Здесь я окончательно убедился, что «Красное северное сияние» действительно представляет собою изумительный источник точного знания. Надо было видеть выражение лица Хэрста при этом замечании, основанном на прочитанном мною исследовании о мурманских сельдях.
— Где, где вы прочли это?!
Я скромно назвал источник, в котором было опубликовано столь важное для палеонтологии сообщение.
— Но у нас нет более никаких доказательств того, что этот рисунок не случайность, не простая игра природы, а что он высечен, и высечен не в наше время! Ведь и Рандольф мог бы выбить долотом то, что вы видите. Беда в том, что университетские записи, где значилось об открытии Томазия Мена, погибли сорок лет тому назад при пожаре библиотеки…
— Неприятное препятствие, — проговорил я из соболезнования.
Он помолчал.
— Конечно то, что может появиться на страницах газет, родившись в головах моряков и фантазеров, еще не для науки! Надо доказать! Правда, сам Гетчинсон говаривал не раз отцу, что если морские змеи не существуют, то существовали. Но отец, видите ли, хочет найти подтверждения теперешнего существования их.
— Происхождение морского змея от ящериц несомненно. Ящерицы убедились, что, изгибая тело и опираясь на ребра, двигаться легче и — превратили ноги в парные плавники, как у рыб.
Говоривший усмехнулся, взглянув на меня. Затем он несколько саркастически добавил:
— Вашему соотечественнику, господину Бергу[8], так яростно напавшему на Дарвина, придется пересмотреть свои взгляды. Знаменитая теория было зашаталась под его ударами, но ее, как видите, спасает морской змей!
Пришел мой черед улыбнуться, но из вежливости я сдержался. Я только спросил:
— По закону эволюции низшие виды вытесняются высшими. Но почему же гигантские морские звери вымерли окончательно, а крокодилы, например, сохранились до наших дней? Ваша теория не отвечает на этот главный вопрос!
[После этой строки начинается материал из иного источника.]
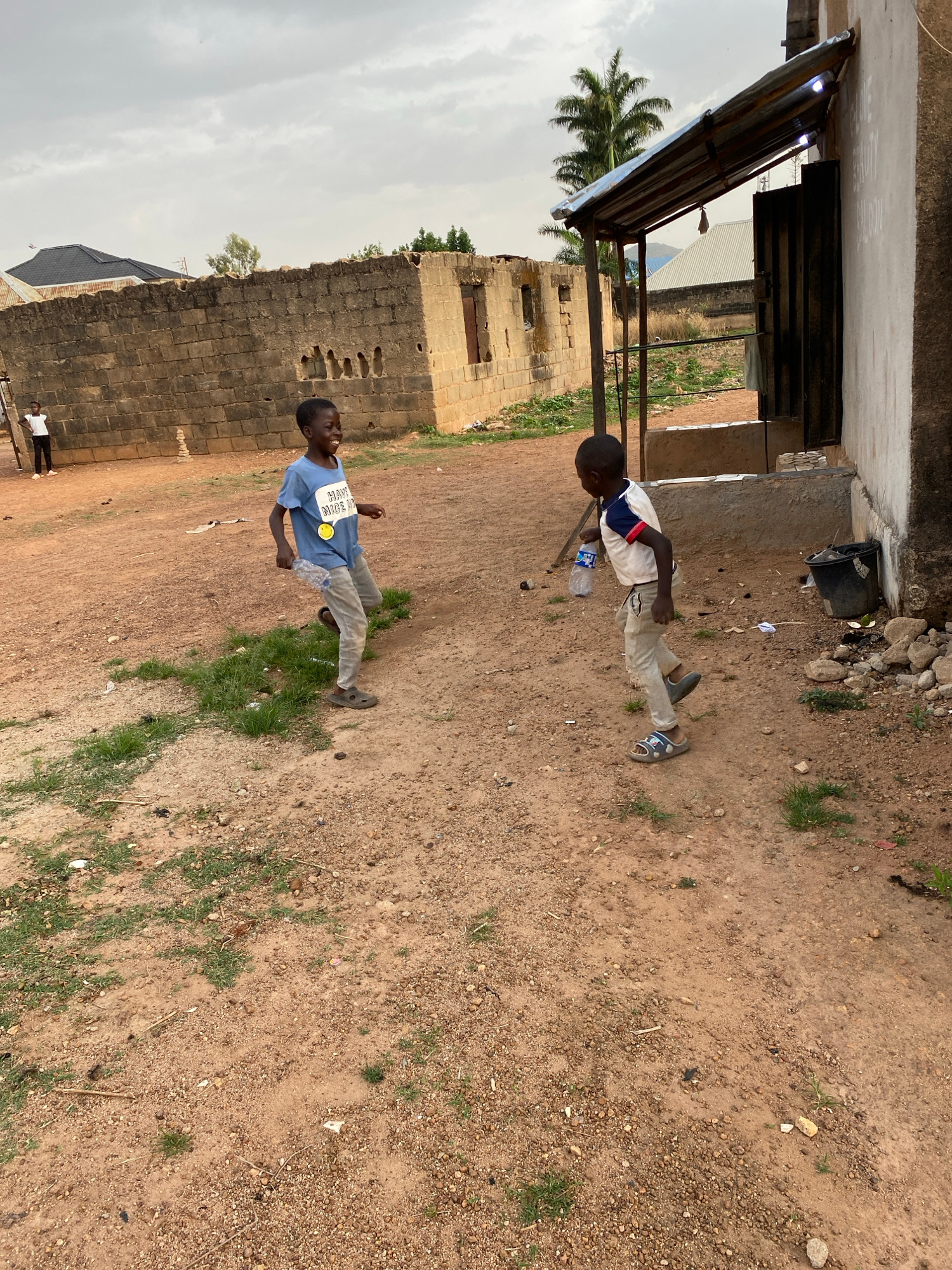 Two young Black boys are on a dirt lot in Bukuru, Nigeria. One boy wears a blue shirt with a yellow smiley face and lettering. The second boy wears a white shirt with colored stripes. A partially cons…read more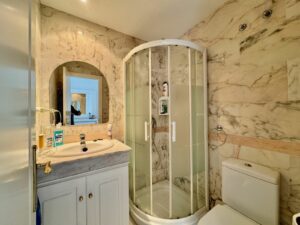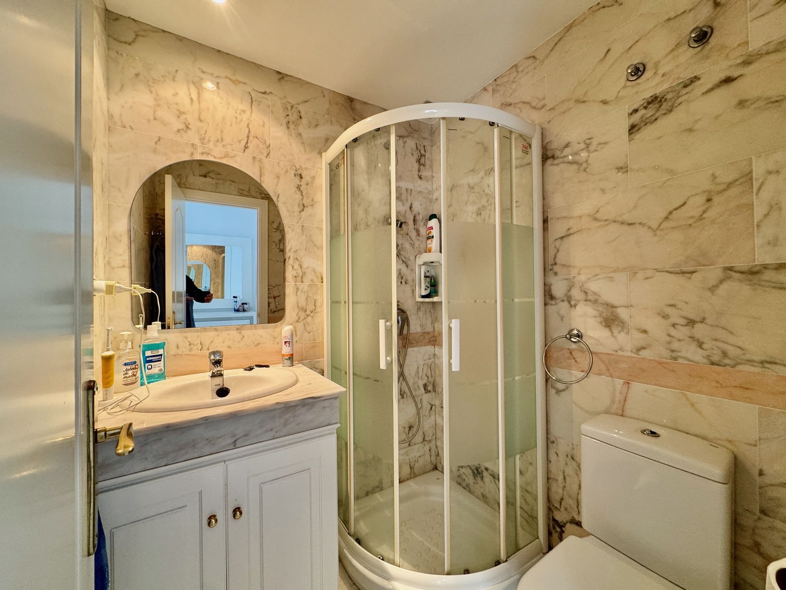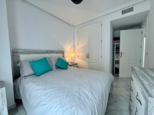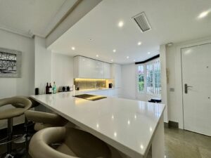 This attractive three bedroom house is located in a frontline golf position while still being walking distance to the beach. The house has three real bedrooms on the upper level and two bathrooms plus a guest toilet. Many owner have even added an extra bedroom and bathroom in the basement/garage while this owner has choosen to keep the garage and storage space. The owner has improved the property with an amazing modern kitchen false ceilings with spot lights giving the property a modern feel. With two nice terraces on the lower level and also a roof terrace one has plenty of outdoor space to really allow one to enjoy the Spanish climate. The complex is gated with two swimming pools.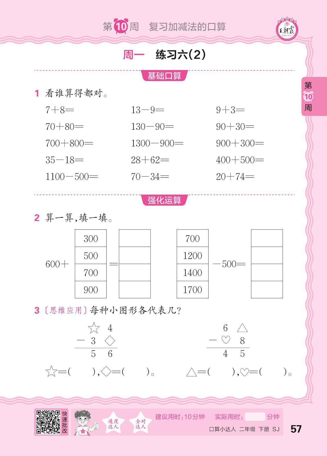 2024春下册二年级数学苏教版 口算计算专练 第10周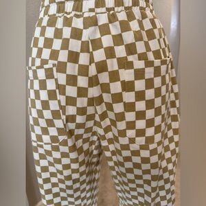 Solai The Label Cream & Tan Checkered Cotton Track Pants. These are a great comfortable yet fun addition for an easygoing attire day, but also looking pulled together with a bit of playfulness.
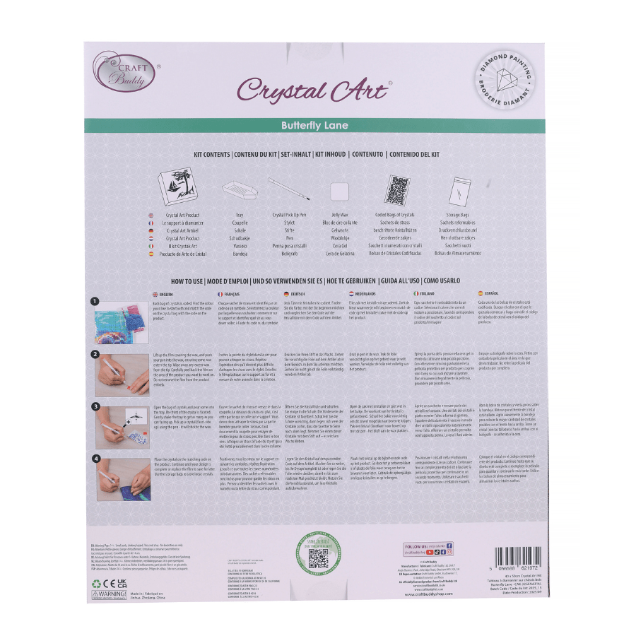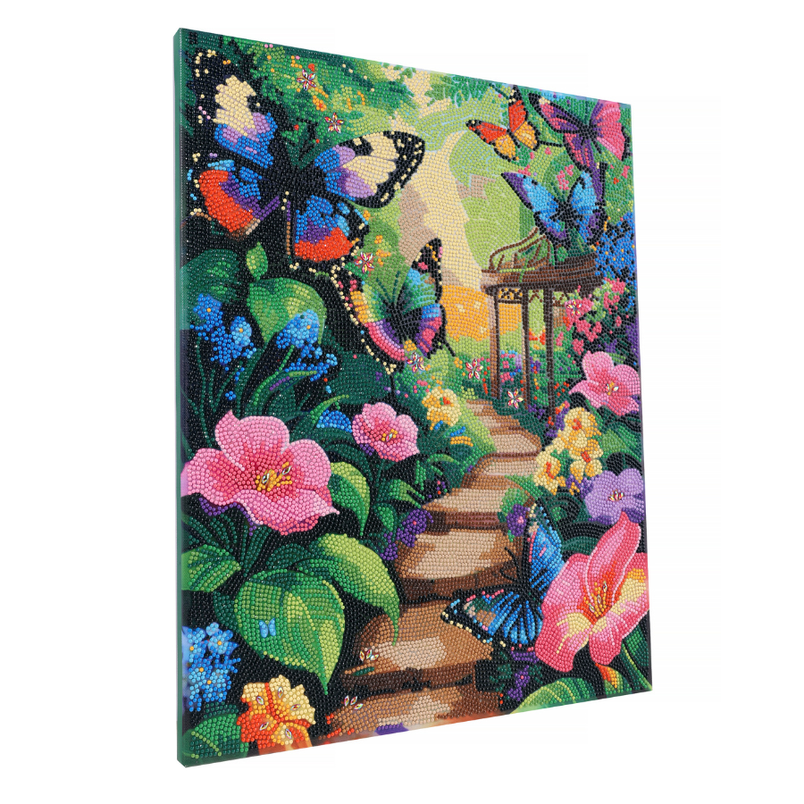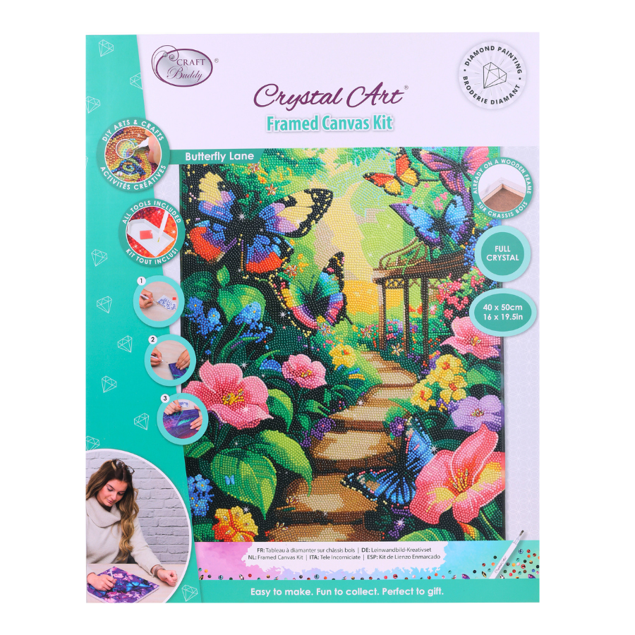 Bring a whimsical touch to your crafting with the 'Butterfly Lane' Crystal Art® Canvas Kit from Craft Buddy. This vibrant design features an enchanting garden pathway leading to a pagoda, with a cascade of bright butterflies fluttering along the way. The stunning artwork is enhanced with full crystal detail, making the butterflies’ wings shimmer in every colour of the rainbow. Measuring 40 x 50cm, this kit includes everything you need to create a dazzling crystal masterpiece, including a pre-stretched adhesive canvas, sparkling resin crystals, and all the essential tools. Sit back, relax, and enjoy a rewarding crafting experience as you bring this beautiful scene to life.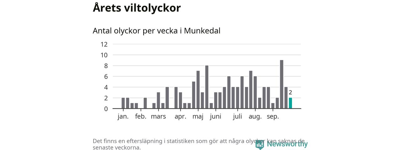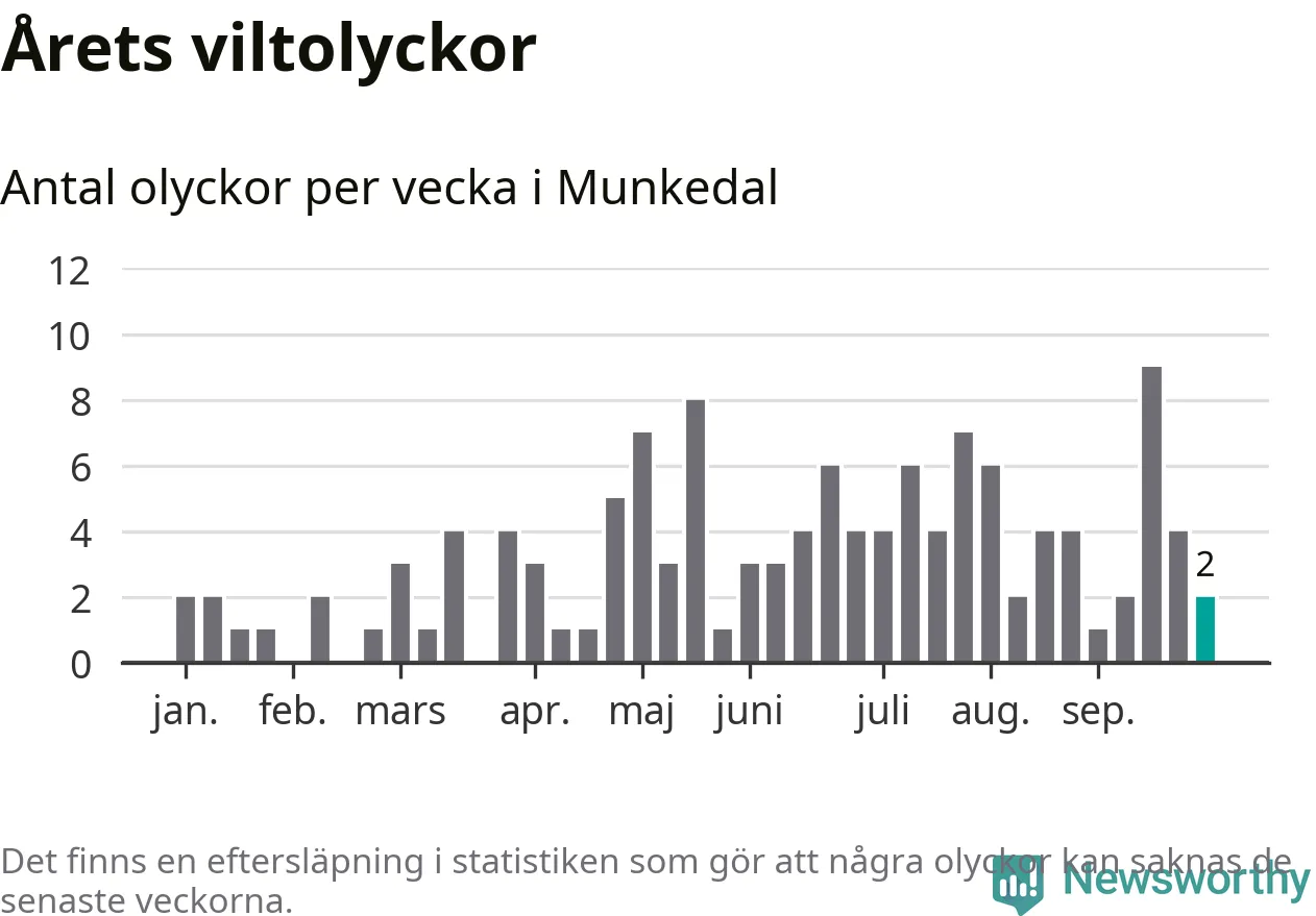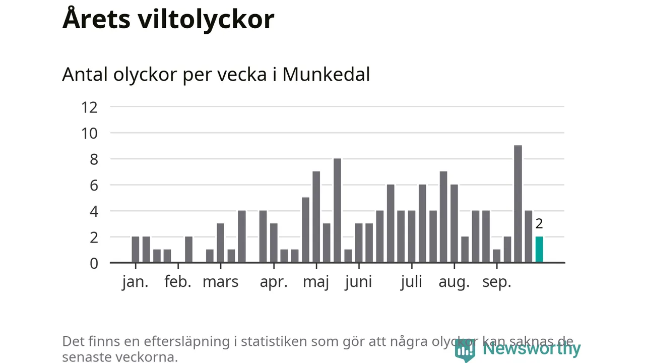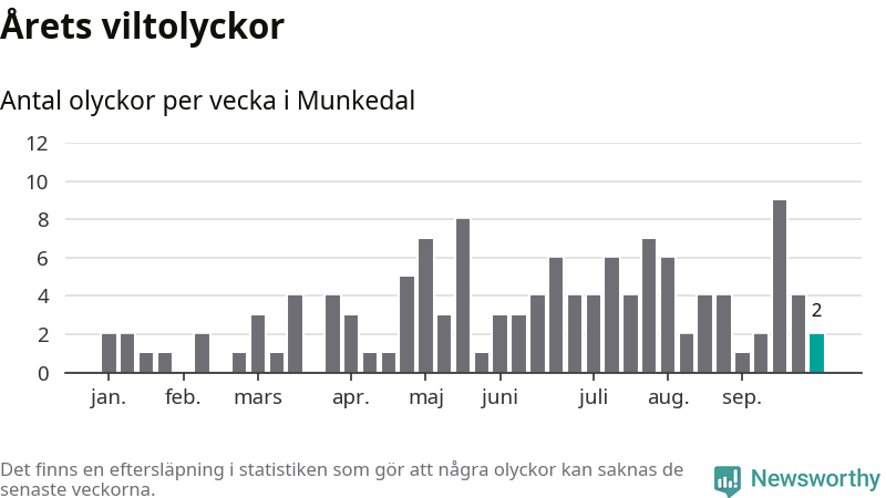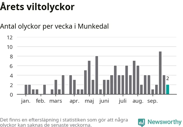 Hittills har två viltolyckor rapporterats in i Munkedals kommun från vecka 40. Se listan här.

Я хотел было продолжить замечания, но, к счастью, вовремя вспомнил свое «ку-ку-ре-ку».
Чуть-чуть недовольным тоном старик немедленно возразил:
— Я уже сказал вам, что Олаф Хэрст ищет доказательств существования змея в наше время.
Мы вернулись в библиотеку тем же путем. Образ водяного гиганта невольно сопрягался в моем воображении с образом другого гиганта, которого Нолли прозвала одинаковым именем. Я чуть было не уступил желанию дать депешу, но снова решил выждать знакомства с Хэрстом, которое должно было произойти вечером.
Наконец этот желанный момент наступил.
Свободный от всяких забот, я мирно наслаждался на банкете общением с выдающимися представителями науки, искусства и литературы. Мои давнишние связи с университетом позволили быстро установить превосходные отношения с интимным кружком старой профессуры. Олаф Хэрст принадлежал к нему.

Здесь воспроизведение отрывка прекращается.